Its massive Belchatow brown coal-fired power station is Europe’s largest such plant and its “single largest greenhouse gas emitter,” according to the ClientEarth global environmental NGO.
Right-wing Prime Minister Mateusz Morawiecki rejected the 2050 zero emissions goal at a summit in June, insisting it could cripple Poland’s vibrant economy.
Warsaw wants the bloc to fund a “fair” transition to carbon neutrality for the ex-communist country of 38 million people that depends on coal to generate some 80 percent of its power.
Climate Minister Michal Kurtyka expressed optimism about the EU’s proposal to mobilise 100 billion euros over nearly a decade to help achieve zero-emissions, but warned that “public funds alone will not be enough.”
Government plans call for coal to generate 60 percent of electricity in 2030, the date the EU has set to phase out its use.
Warsaw is seeking a 30-percent share of coal in the power mix by 2040, when the proportion of renewables will rise to 30 percent and the first nuclear power unit is due to be online.
Renewable energy use declined since 2016 after the Law and Justice (PiS) government blocked the development of wind power on land. But in a recent turnaround, it vowed to invest in solar and offshore wind.
A majority 69 percent of Poles want Warsaw to stop blocking the EU’s 2050 zero-emissions goal, according to a fresh survey by the independent Kantar pollsters.
– ‘Astronomic’ costs for Czechs –
The Czech Republic also wants the European Union to shoulder part of the estimated 26.5 billion euros ($29.3 billion) it needs to spend to become carbon neutral, a sum that Prime Minister Andrej Babis termed “astronomic”.
While most EU members expect to cut carbon dioxide emissions to zero by 2050, Czechs aim to reach 80 percent of the goal by then.
Fossil fuels made up 57 percent of the Czech Republic’s energy mix last year, with nuclear power accounting for 37 percent and renewable resources six percent, according to the OTE state-owned energy market operator.
Prague wants the EU to accept nuclear energy as an emissions-free source.
It plans to build a new multi-billion-euro nuclear unit at the southern Dukovany plant by 2036. It is seeking a 40-percent share of nuclear energy in its mix by 2040, up from 30 percent in 2016.
Czechs aim to reach a 22-percent share of renewable energy by 2030.
– Budapest wants Brussels to pay –
Hungary estimates it will need 150 billion euros to achieve carbon neutrality by 2050 and has ruled out bearing the “heavy burden” alone.

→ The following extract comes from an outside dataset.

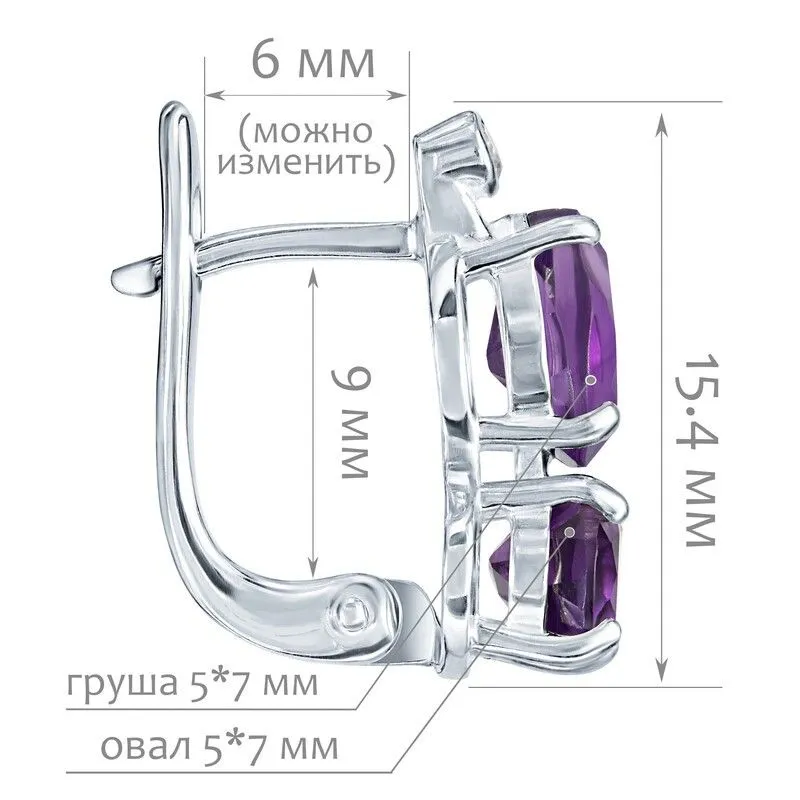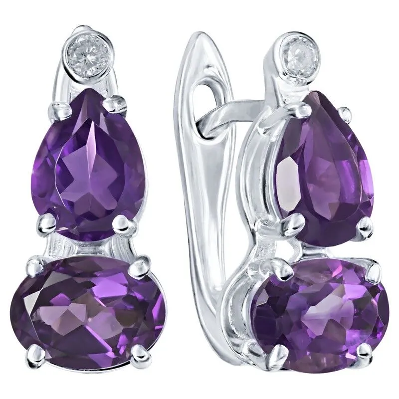 Серебряные серьги с натуральным аметистом (темный) - коллекция Сансара / покрытие Чистое Серебро.Средний вес украшения с камнями 3.29 гр.Месторождение(я): Аметист (Приполярный Урал, Россия).Ювелирные вставки:Аметист (Натуральный) овал 5*7 мм., средний вес: 0.72 карат.Аметист (Натуральный) груша 5*7 мм., средний вес: 0.65 карат.Белый Нанокристалл круг 2 мм., средний вес: 0.06 карат.Все изделия собственного производства и имеют гарантию 12 месяцев. Арт. 8691AG .

Budapest says it “cannot write a blank cheque” to fund the transition.
“It has to be made clear that more expensive energy or food cannot be a consequence of the 2050 target,” says Gergely Gulyas, a minister who heads the office of populist Hungarian Prime Minister Viktor Orban.
“It is only and exclusively acceptable if it comes with serious EU contributions,” he added, speaking on Thursday.
Fossil fuels account for 40 percent of Hungary’s power production, with coal-fired power meeting just 16 percent of the electricity needs in this country of ten million people.
Calling itself “a climate champion” and insisting that it is “one of the few” able to reach the EU’s 2030 climate targets, Hungary considers nuclear power a must.
It makes up around half of generated electricity, and a third of the power consumed.
Some observers suggest that Budapest will reject the EU’s 2050 target for carbon neutrality alongside its central European partners to pile the pressure on Brussels during tricky negotiations over the bloc’s 2021-2027 budget.
Hungary fears there may be serious cuts to the EU structural funds it receives.
“Viktor Orban thinks he can exchange lifting his veto (on the climate plan) for an increase in the allocated funds,” said Benedek Javor, a former Hungarian MEP.